● **Aim of the exercise**: Below are the records; copy exactly the lines from the first through the one containing "[캡내장o/모달혼방/양옆셔링]라인포인트 나그랑셔링캡반팔티", both included, and leave out the pictures.

● **Input**:
=-=-=-=-=

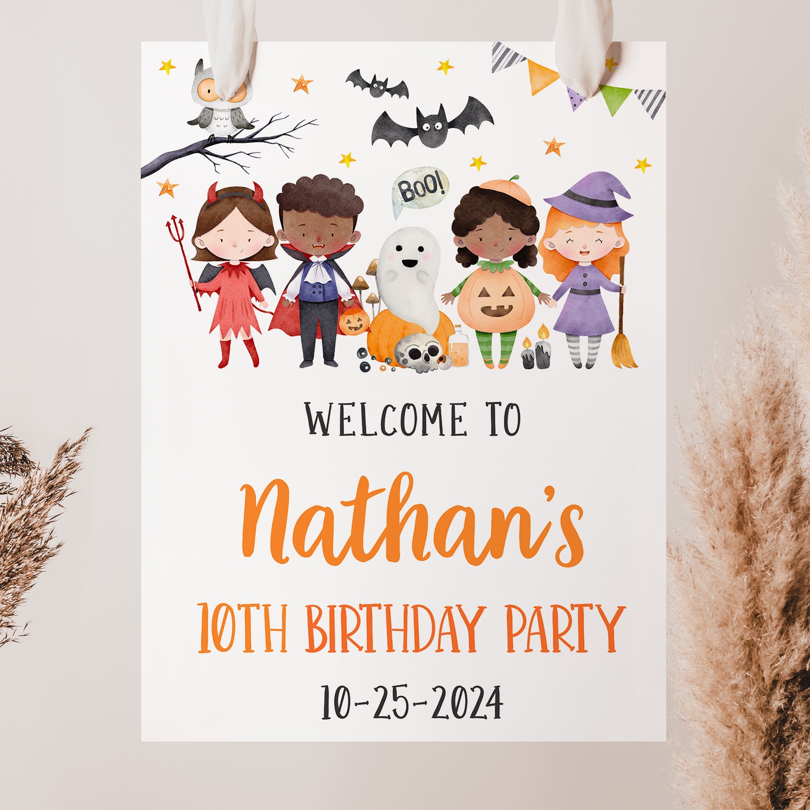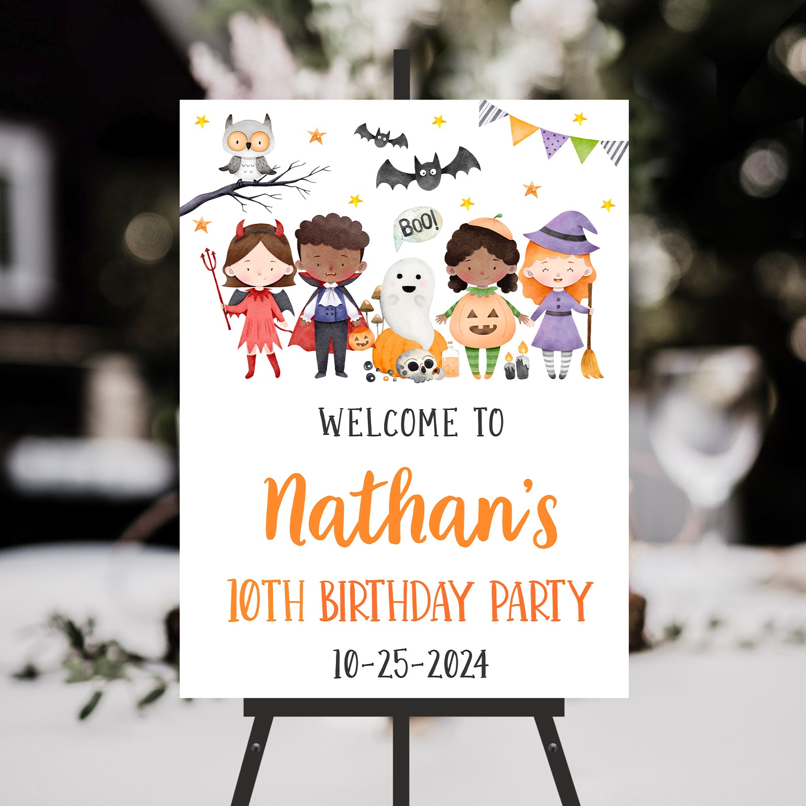 - Purchase this Spooky 10th Birthday Welcome Sign: Kids Halloween Costume Party template
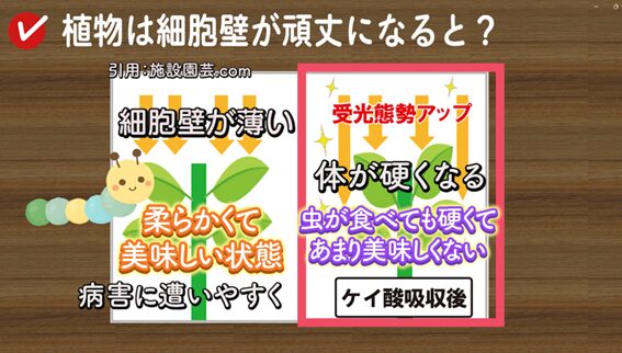 それは、ケイ酸には細胞の外側の壁である「細胞壁」を強くしてくれる効果があるから!
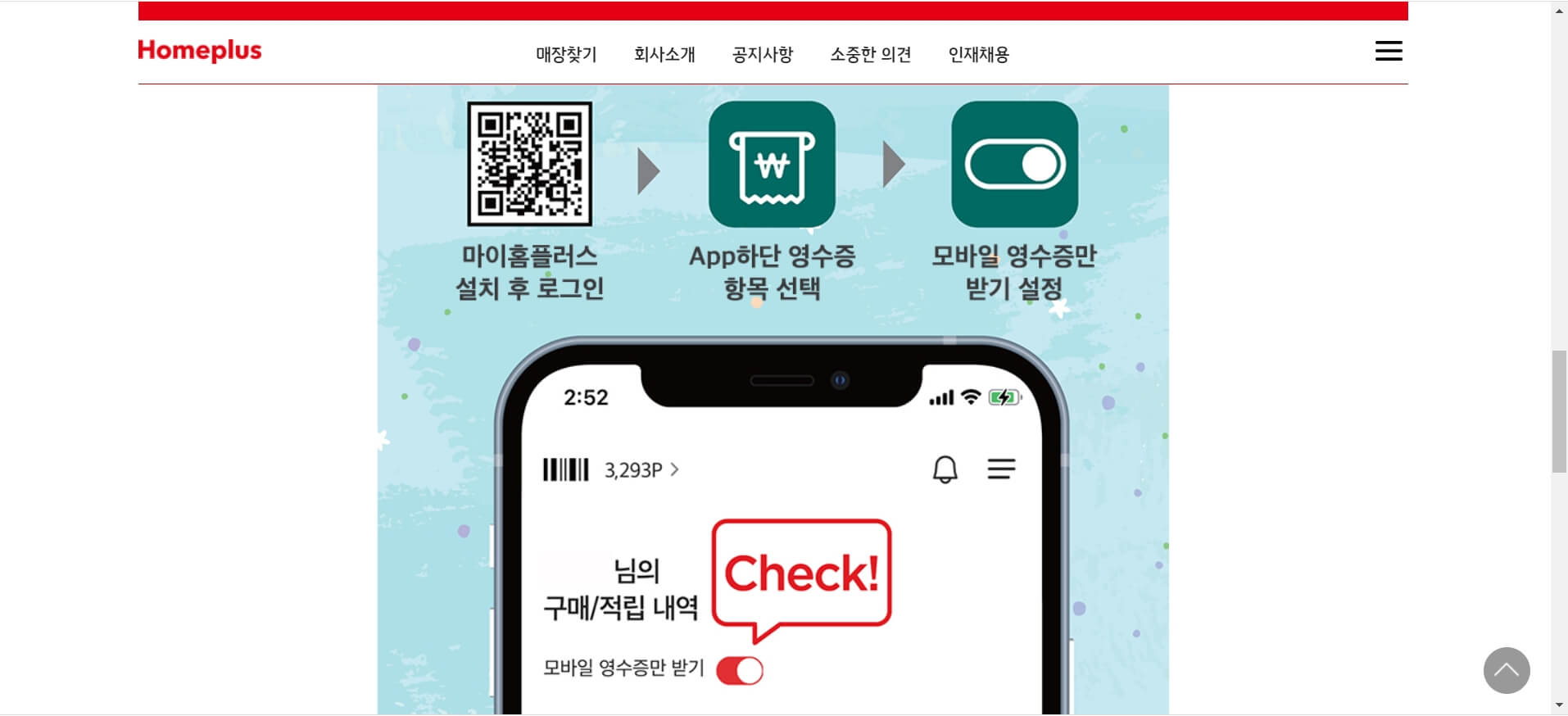 만약 홈플러스를 자주 이용하는 분이시라면 홈플러스 홈페이지에 가입하고 사진과 같이 전자영수증 발행을 설정하시면 됩니다.
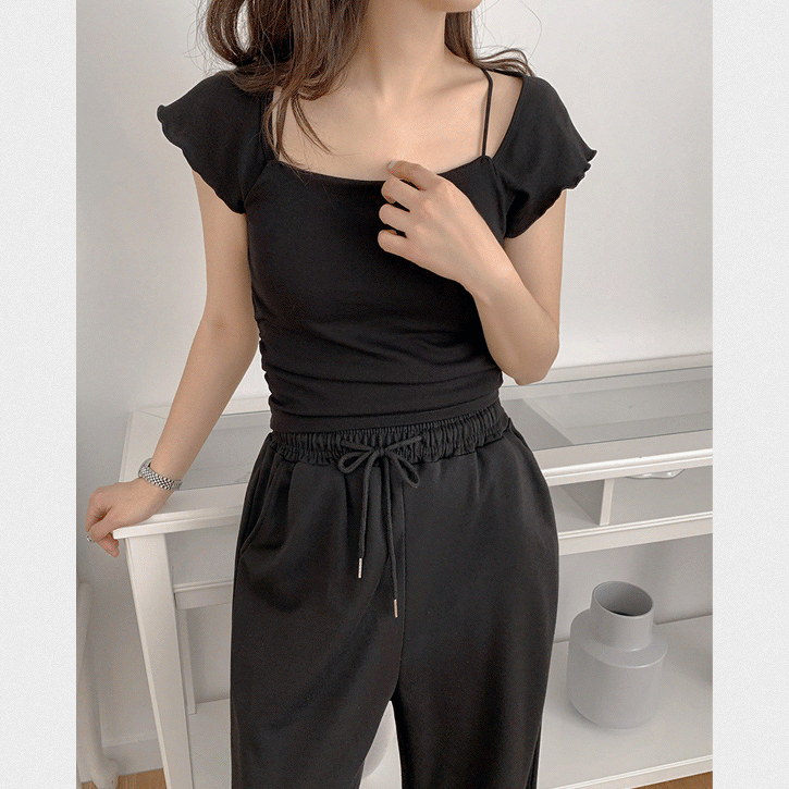 [캡내장o/모달혼방/양옆셔링]라인포인트 나그랑셔링캡반팔티
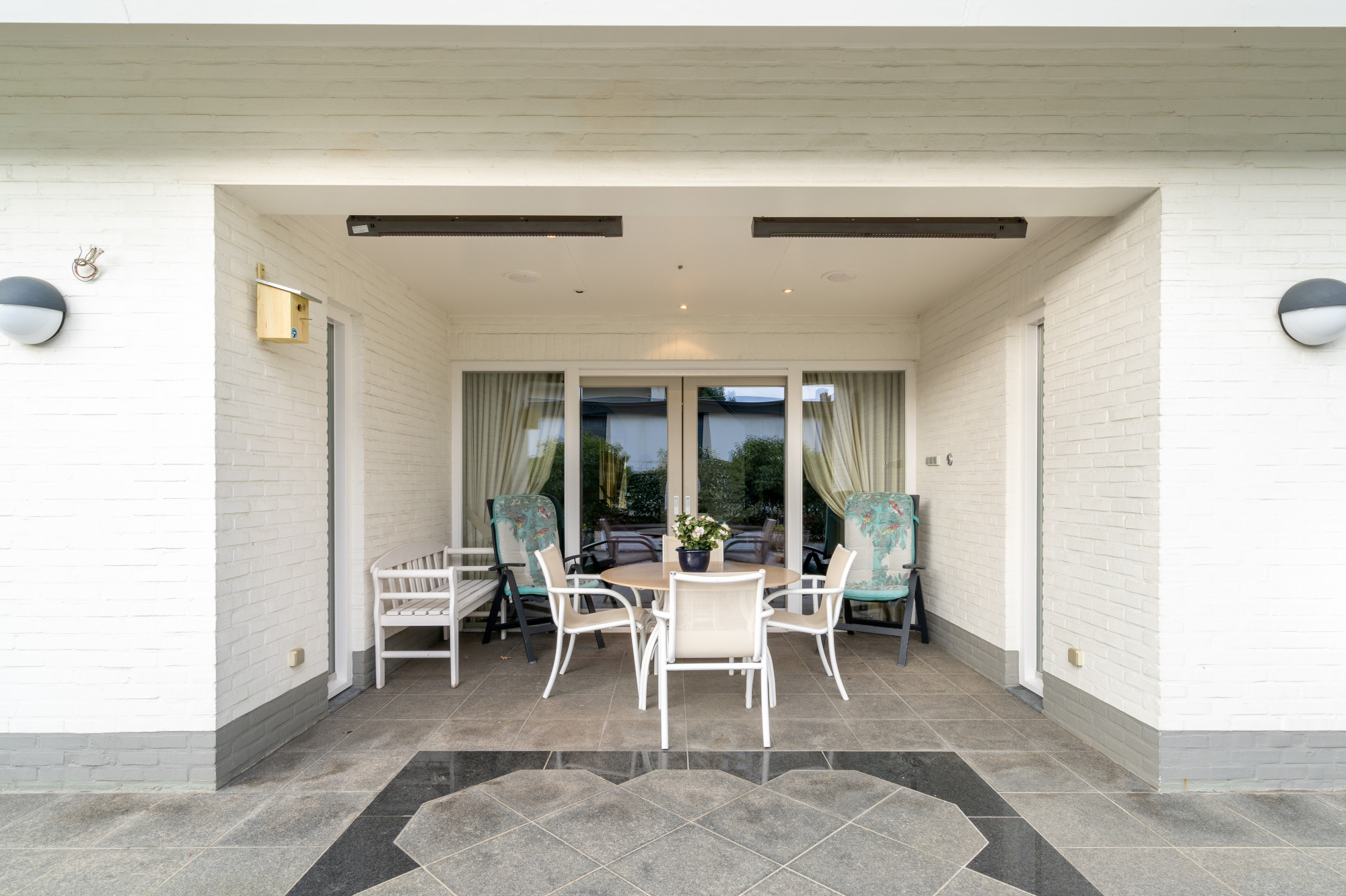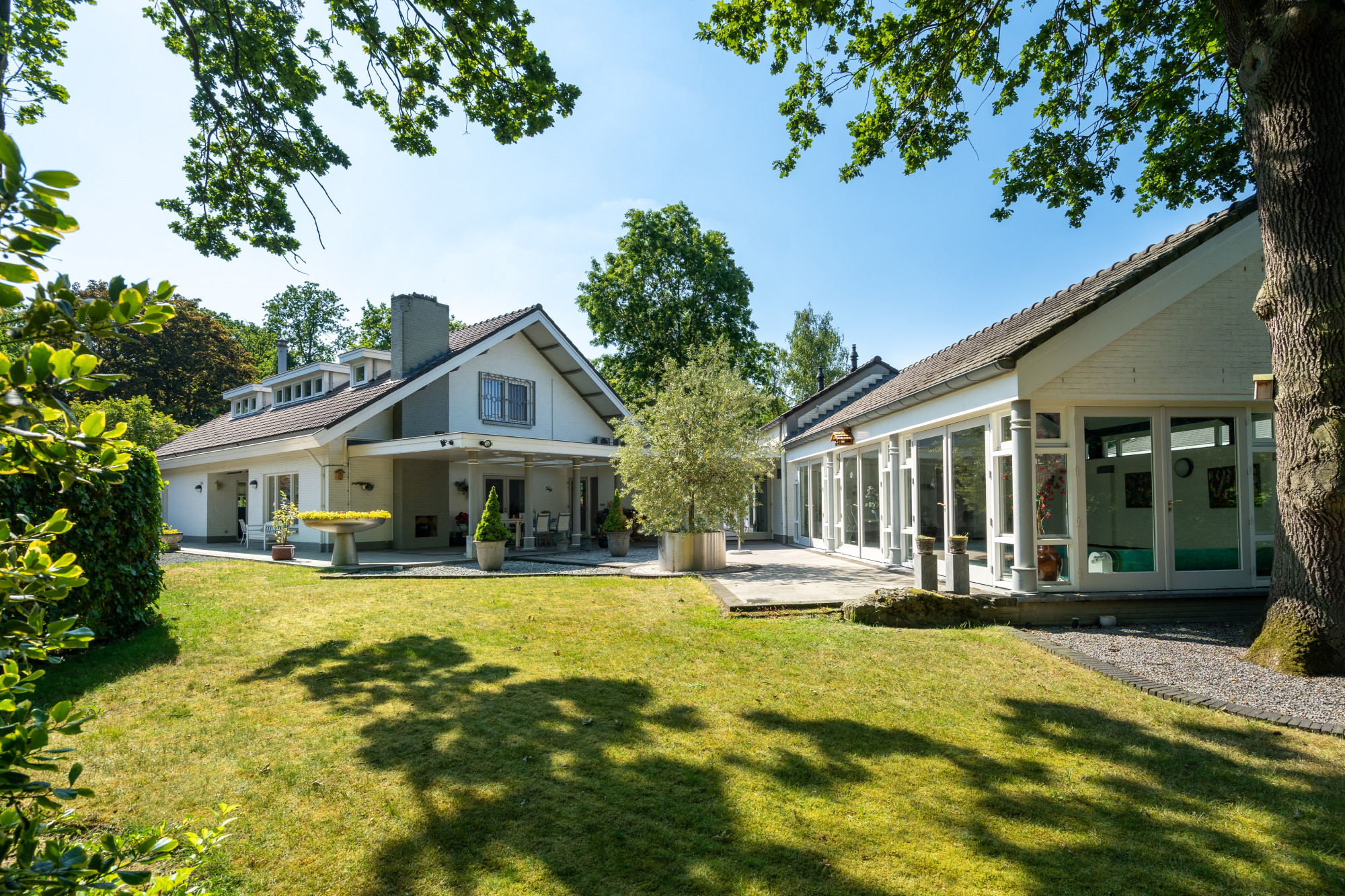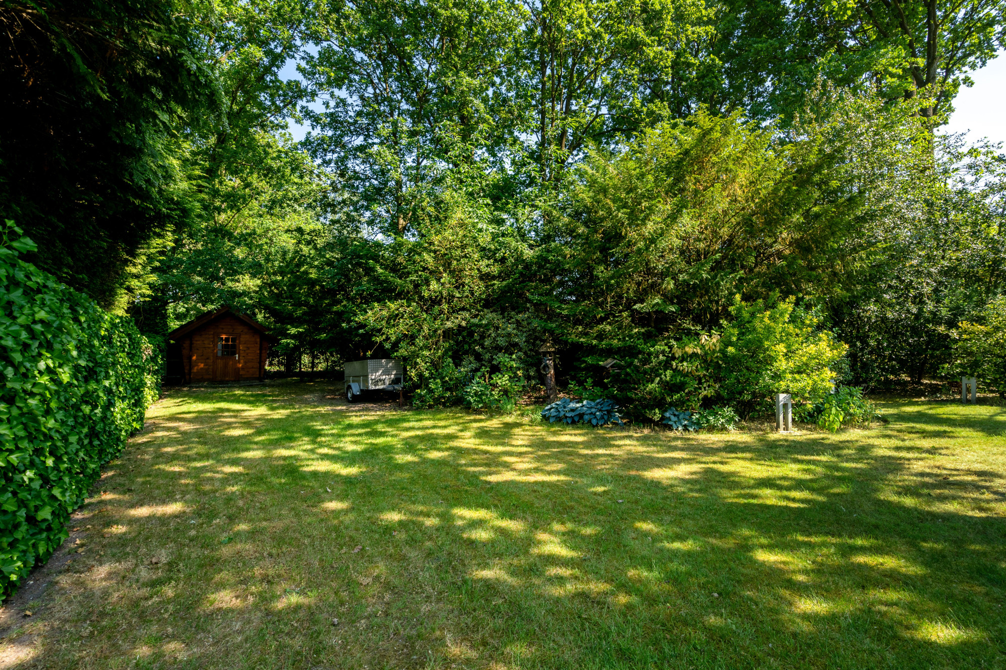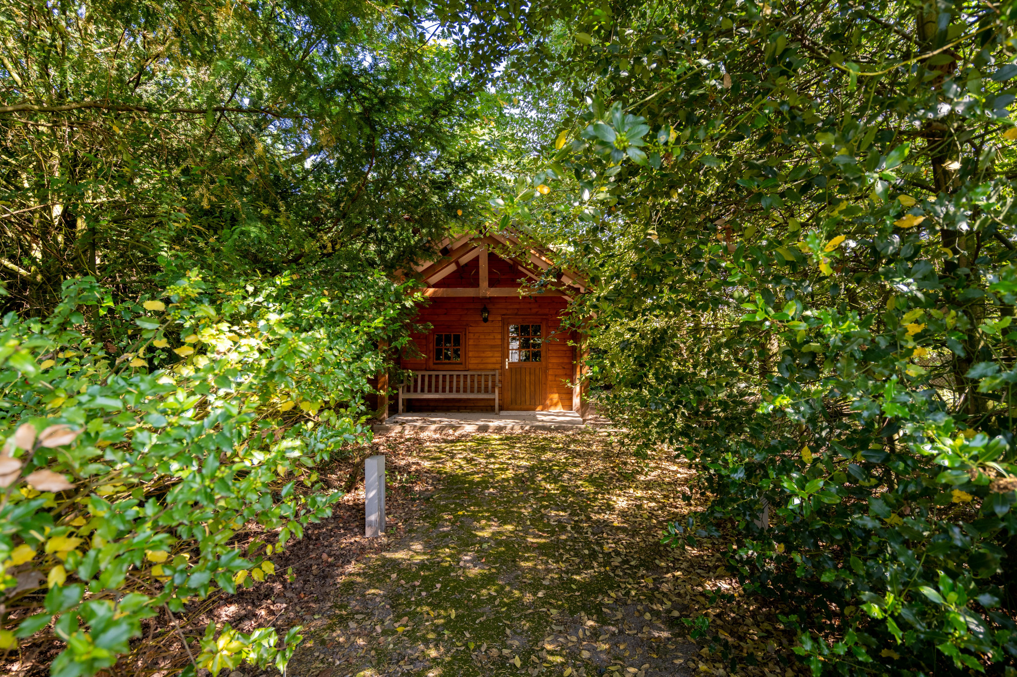 De woning is deels onderkelderd; in deze ruimte zijn de technische installaties van het binnenzwembad ondergebracht. De zuidoostelijk georiënteerde tuin beschikt over een groot overdekt terras en is volledig omheind. Achterin bevindt zich een houten blokhut met extra slaapgelegenheid, een toilet en een wastafel — ideaal als gastenverblijf of poolhouse.

=-=-=-=-=

● **Answer to the problem**:
 - Purchase this Spooky 10th Birthday Welcome Sign: Kids Halloween Costume Party template
 それは、ケイ酸には細胞の外側の壁である「細胞壁」を強くしてくれる効果があるから!
 만약 홈플러스를 자주 이용하는 분이시라면 홈플러스 홈페이지에 가입하고 사진과 같이 전자영수증 발행을 설정하시면 됩니다.
 [캡내장o/모달혼방/양옆셔링]라인포인트 나그랑셔링캡반팔티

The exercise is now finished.